Court watchers have been critical of the Supreme Court’s support for conservative causes despite the justices’ insistence that their decisions rise above politics. This case presents a particularly thorny decision for the justices, with Republicans and Democrats on opposing sides of the docket. Partisan divisions also appear in the various amici weighing in on the appeal.
House Speaker Mike Johnson and other Republican leadership members suggest the high court adopt a history and tradition approach to campaign finance jurisprudence similar to the new standard for reviewing gun laws. The Republicans are also supported by think tanks like the Cato Institute and pro-business groups like the Chamber of Commerce, which all cast doubt on concerns about the risk of corruption.
On the other side of the aisle, left-leaning groups supporting Democrats and ethics advocates warn that excessive campaign spending is giving wealthy donors an outsized role in the political process. Senate Democrats offered a sharp rebuke of the Supreme Court’s rulings opening the floodgates to more money in politics.

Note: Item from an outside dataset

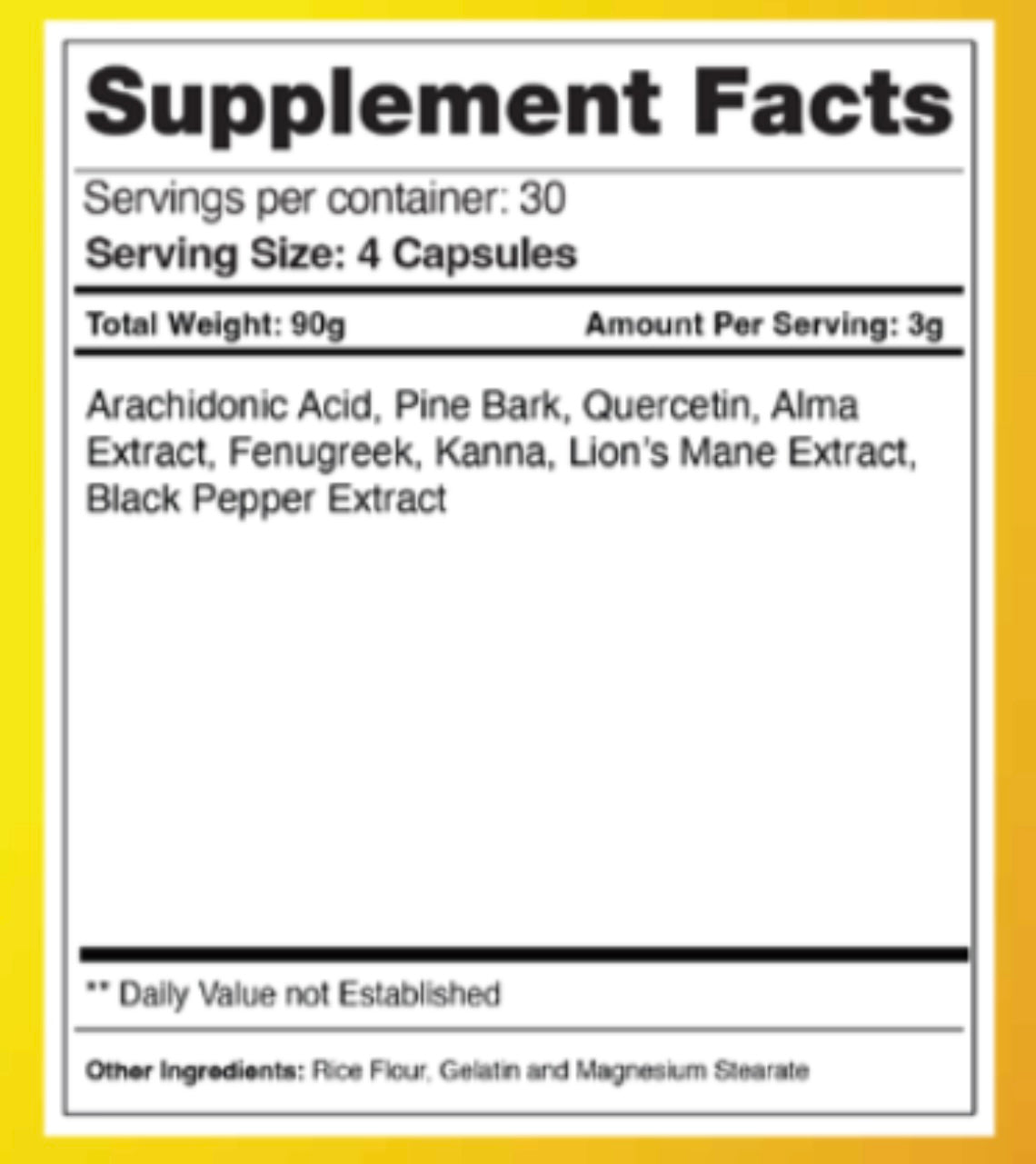 This skin-tearing pump product increases performance (Cordyceps), endurance, and promotes heart health (Pine Bark, Quercetin, Amla extract, Fenugreek). Black pepper extract increases absorption for better bioavailability. Lion's mane is a mushroom with numerous benefits such as increasing nerve cell recovery, reducing the risk of stomach ulcers, and reducing inflammation throughout the body.

“This court’s past decisions weakened Congress’ ability to regulate the corrupting influence of money in politics, and wreaked havoc on our political system, causing genuine irreparable harm,” the senators wrote.
The Brennan Center argues that disagreements over campaign finance policy need to be settled in Congress, not the courts. The organization has advocated for the repeal of coordinated spending limits, which was cited by the Republican committees and amici supporting their position. However, the Brennan Center pushed the justices to rule for the Democrats.
“Regulating campaign finance necessitates careful weighing of the need to protect free speech and association, prevent corruption, promote transparency and foster the overall health of our political system,” the Brennan Center wrote. “These are issues elected legislatures are best situated to evaluate.”
Vance and Chabot’s nonexistent campaigns are just one reason cited for why the justices should avoid ruling on the case. Martinez says the NRSC and the NRCC also lack standing to challenge the spending caps because the limits don’t apply to either committee, only the RNC. And neither the former candidates nor the committees face any threat of enforcement under the law because the Trump administration has vowed not to enforce the spending caps.
If the justices were to get past the “mare’s nest” of justiciability issues, Martinez said the court would have to decide to overturn a settled precedent and potentially destabilize campaign-finance and First Amendment law to rule for the petitioners. He argued all that effort might be worthwhile if there was a real controversy at stake, but there isn’t.
“This is not a case like Citizens United, Dobbs, Students for Fair Admissions, or Loper**Bright,” Martinez wrote. “There, the court made tough decisions to overturn precedent when necessary to resolve real-life concrete disputes.”
Martinez advocated for dismissing the case as improvidently granted. Republican petitioners would leave as victors, he argued, because they filed the case to eliminate the chill of the enforcement threat posed to their First Amendment interests. If another administration reversed course and decided to enforce the spending caps at a later time, Martinez said the Republicans could renew their challenge on a clean slate.
The Democratic intervenors might be frustrated by non-enforcement of the caps, Martinez said, but Colorado II would remain on the books as if they prevailed on the merits.
“As for the court: Dismissing this inherently politicized case would vindicate its commitment to restraint, neutrality and staying above politics,” Martinez wrote. “It would reaffirm the court’s preference to ‘refrain from addressing constitutional questions’ when doing so is not ‘necessary.’ It would avoid the risks to stability and the rule of law inherent in overruling precedent. And it would preserve the court’s limited resources for live disputes between adverse parties, just as Article 3 envisions.”
The Supreme Court will hear oral arguments on Tuesday.